Thanks to Mark O’Conner for this article by Dr Ben Spies Butcher, Lecturer in Economy and Society at Macquarie University in the independent magazine The Conversation, April 26, 2011, which dismisses the myth of an aging ‘crisis’.

Titled “The myth of the ageing ‘crisis'”, Mark points out that it says that despite the constant talking up of a potential ageing crisis, “the evidence of a problem is minimal”.  See

Financial Measures to Address Ageing, Promote Inequality and Weaken the Budget

So far there have been three Intergenerational Reports by Treasury examining the challenges of an ageing population which have consistently been used to justify new policies to address a potential ageing ‘crisis’.

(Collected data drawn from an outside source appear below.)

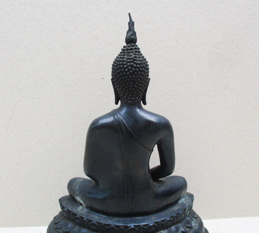 พระบูชาปางสมาธิ อนุสรณ์ 20 พรรษาพระมหาชุม เขมงฺโร วัดธาตุทอง พ.ศ.2519 เนื้อโลหะรมดำมันปูผิวแห้งหิ้ง !! |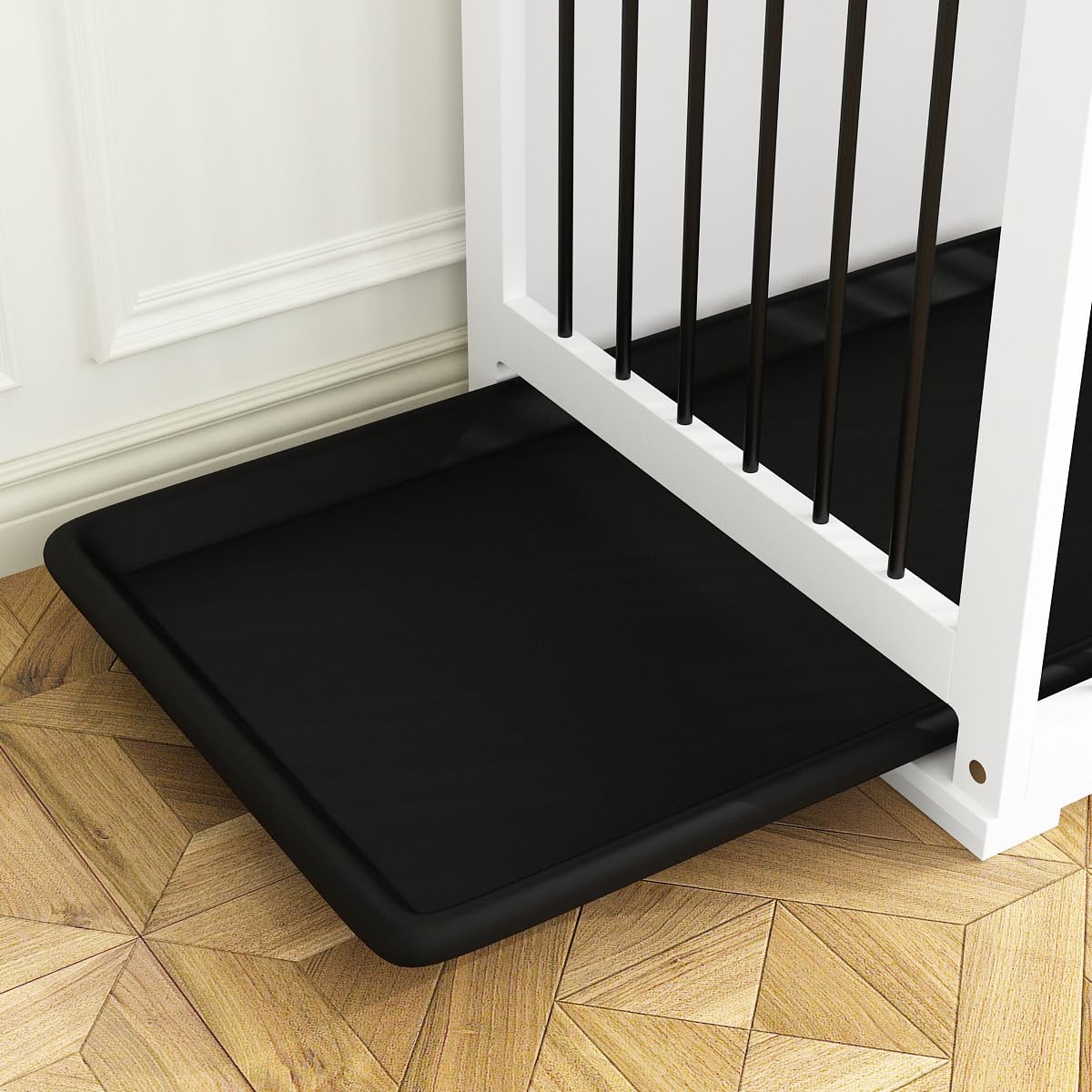 - 【THOUGHTFUL DETAILS】With its double door latches, our dog crate furniture ensures that your dogs won't easily escape you're away. Additionally, feet pads are incorporated to increase friction with the ground, preventing any potential floor scratching, as well as helps facilitate air circulation, reducing dampness at the bottom, which is beneficial for the health of dogs.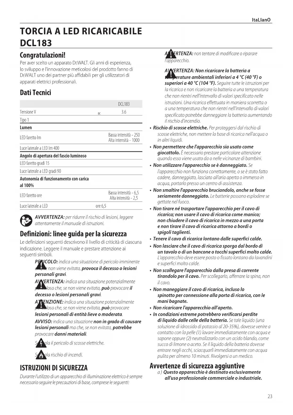 Tipo 1 Lumen LED faretto lm Bassa intensità - 250 Alta intensità - 1000 Luce laterale a LED lm 400 Angolo di apertura del fascio luminoso LED faretto gradi 15 Luce laterale a LED gradi 90 Autonomia di funzionamento con carica al 100% LED faretto ore Bassa intensità - 6,5 Alta intensità - 2,5 Luce laterale a LED ore 6,5 Congratulazioni! Per aver scelto un apparato DeWALT. Gli anni di esperienza, lo sviluppo e l’innovazione meticolosi del prodotto fanno di DeWALT uno dei partner più affidabili per gli utilizzatori di apparati elettriciprofessionali. Dati Tecnici Italiano (tradotto dalle istruzioni originali)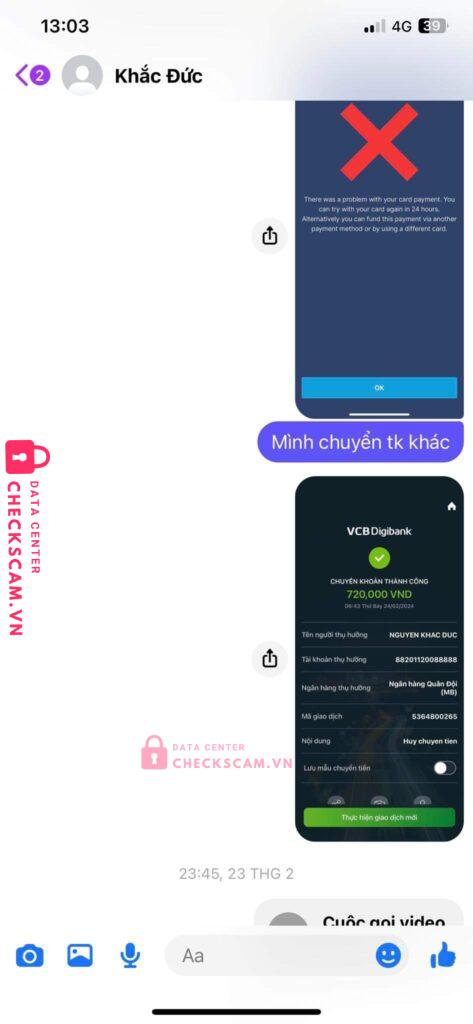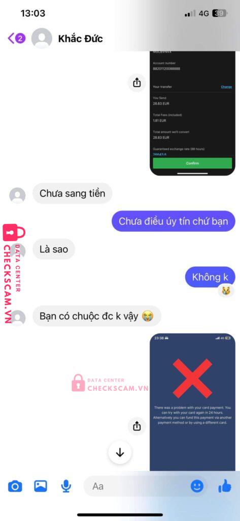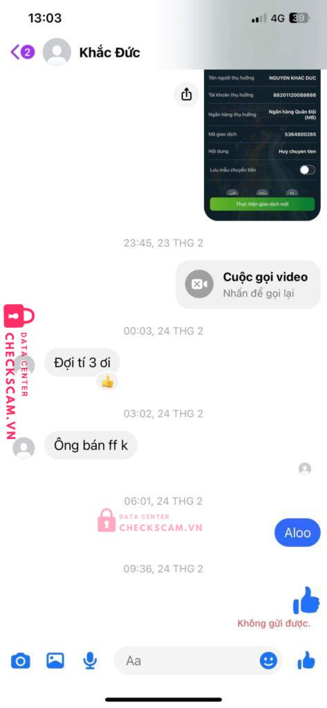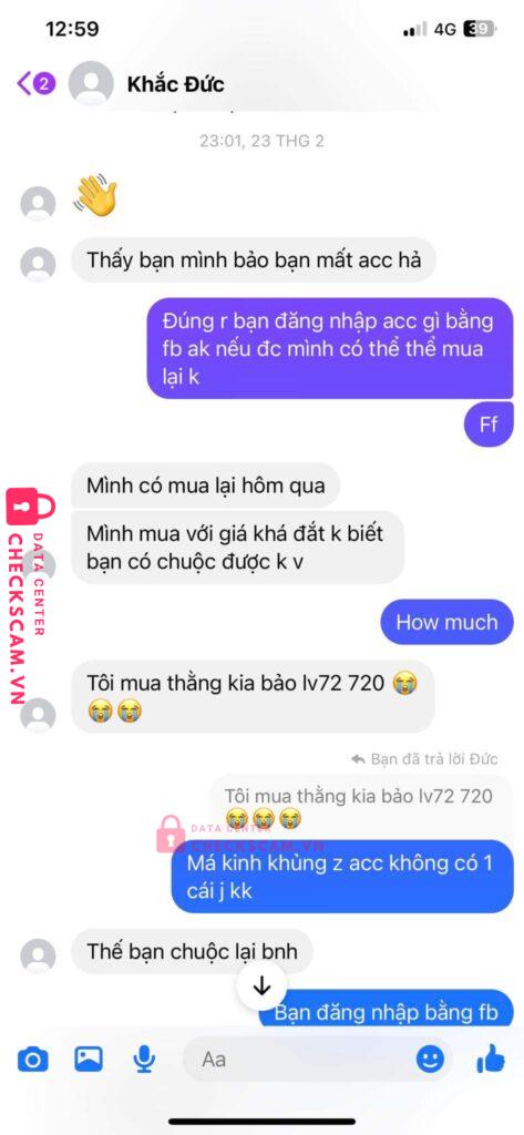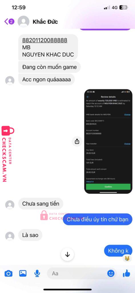 Scammer Alert: Nguyễn khắc Đức Reported: November 16, 2024 Scammer Information Full Name: Nguyễn khắc Đức Payment Gate: Mb Payment Account: 88201120088888 Category: Marketplace scams Source: Checkscam Evidence Files Report Description scam tiền acc 720k Comments Your comment Add Comment No comments yet. Be the first to share your experience with this scammer.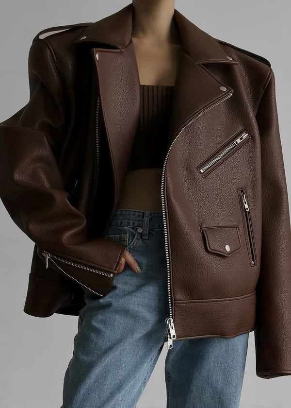 Layer this jacket over a casual tee and jeans for a classic biker style, or wear it over a dress to add edge to a more polished look. This versatile piece seamlessly transitions between day and night, bringing effortless sophistication to any wardrobe.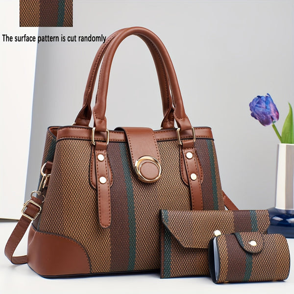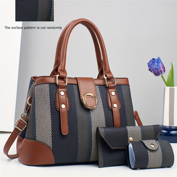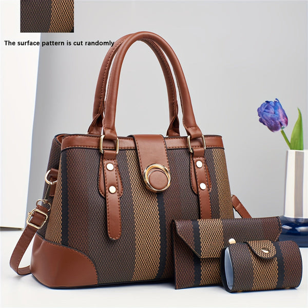 Chic 3pcs Women's Bag Set - Classic Striped, Premium Faux Leather with Detachable Strap, Zip Closure - Versatile & Fashionable in Multiple Colors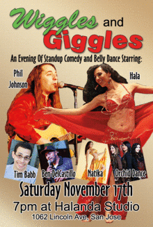Halanda Studio in Downtown Willow Glen is pleased to present a Wiggles & Giggles: A Bellydance & Comedy Show. We love to dance, we love to laugh. Well...how about both? Why choose one when you can have it all: bellydance and comedy in the same show! How often do you get that much fun in one place?

Yet, the evidence of a problem is minimal, and often the measures proposed increase inequality and weaken the budget.

In last year’s budget, the Labor Government announced changes to the aged pension to gradually increase the age at which people will be eligible from 65 to 67. Similar moves in Europe caused riots. In Australia, it was barely noticed. The government has also proposed increasing compulsory superannuation contribution rates from 9% to 12%.

Together these measures seek to shift the balance of retirement policy from public pensions to private savings.

For policy theorists this presents a number of contradictions.

There is little evidence that population ageing will hurt the budget, while measures to support private savings tend to exaggerate inequality and penalise those that provide care for free – particularly women.